BRIEF:
Leaving the pictures aside, transcribe the data below exactly.

DATA EXCERPT:
[Start of section]

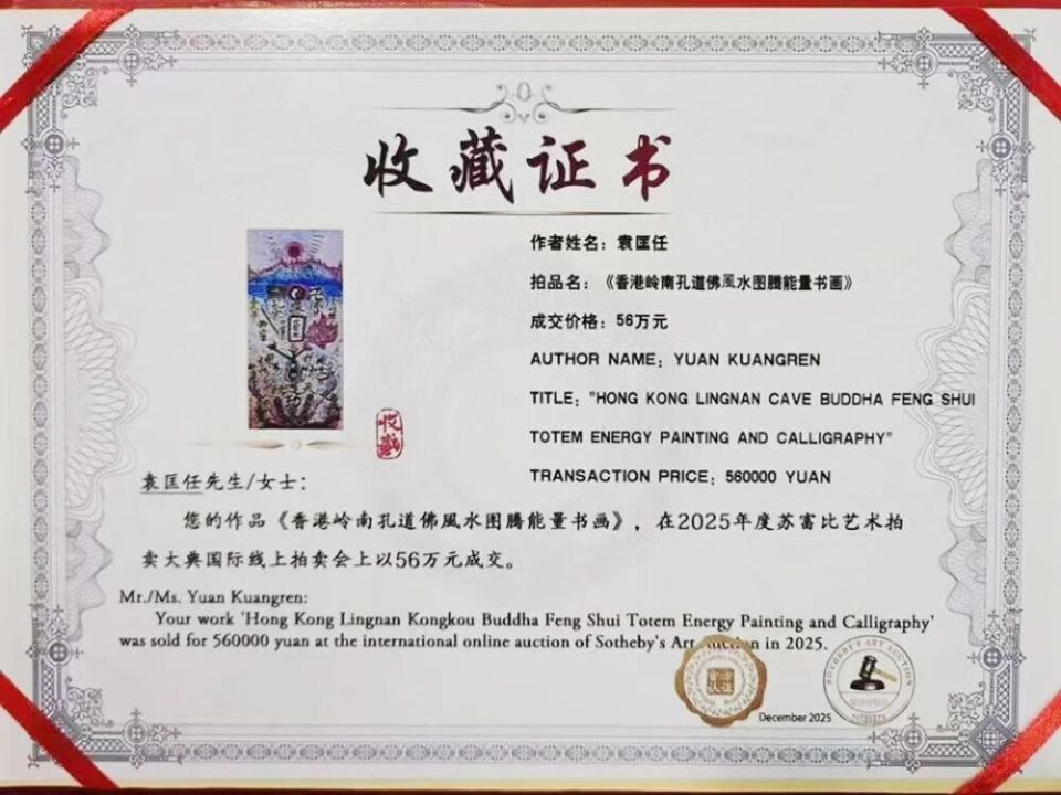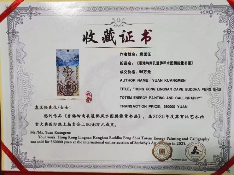 世界非物質(zhì)文化遺產(chǎn)研究院院士、中央電視臺(tái)CCTV 藝術(shù)組委會(huì) 授權(quán)袁匡任創(chuàng)立香港大灣區(qū)中國(guó)孔道佛風(fēng)水能量書法創(chuàng)作教育基地。
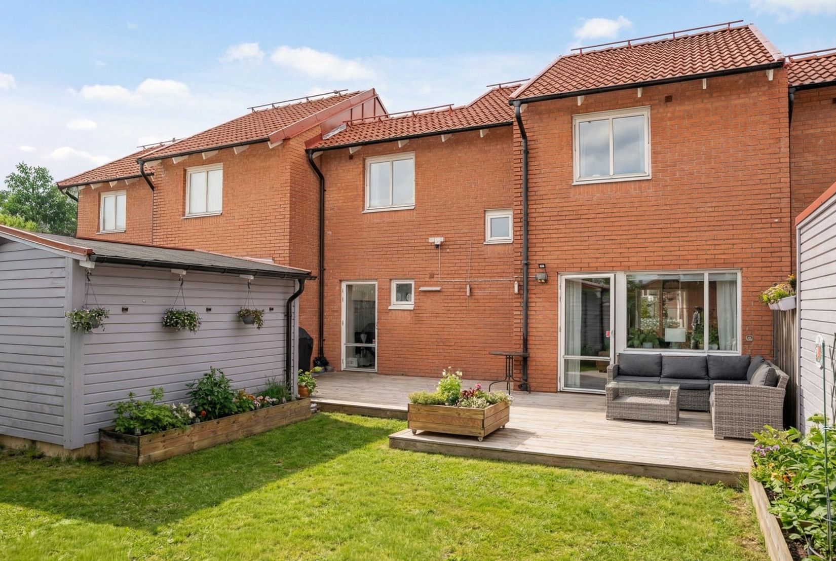 Vardagsrummet är stort på riktigt. Plats för ordentlig soffgrupp, matbord och sociala sammanhang utan att det känns trångt. Härifrån kliver du rakt ut i den privata trädgården i ett insynsskyddat södervästläge - bästa möjliga solläge. Sol större delen av dagen och magiska kvällar på det fina trädäcket. Middagar, grillkvällar, vin i kvällssolen - det här är en uteplats att älska. Dessutom finns ett praktiskt förråd i trädgården som löser förvaringen smidigt.
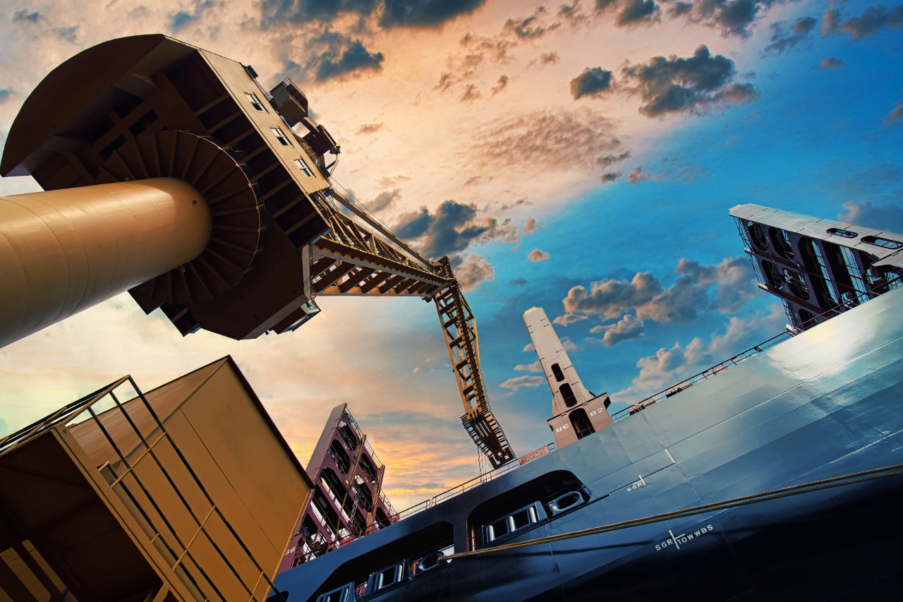 夕陽下觀看遠(yuǎn)景的船廠,另有一番意境。

[End of section]

ANSWER TO THIS PROBLEM:
 世界非物質(zhì)文化遺產(chǎn)研究院院士、中央電視臺(tái)CCTV 藝術(shù)組委會(huì) 授權(quán)袁匡任創(chuàng)立香港大灣區(qū)中國(guó)孔道佛風(fēng)水能量書法創(chuàng)作教育基地。
 Vardagsrummet är stort på riktigt. Plats för ordentlig soffgrupp, matbord och sociala sammanhang utan att det känns trångt. Härifrån kliver du rakt ut i den privata trädgården i ett insynsskyddat södervästläge - bästa möjliga solläge. Sol större delen av dagen och magiska kvällar på det fina trädäcket. Middagar, grillkvällar, vin i kvällssolen - det här är en uteplats att älska. Dessutom finns ett praktiskt förråd i trädgården som löser förvaringen smidigt.
 夕陽下觀看遠(yuǎn)景的船廠,另有一番意境。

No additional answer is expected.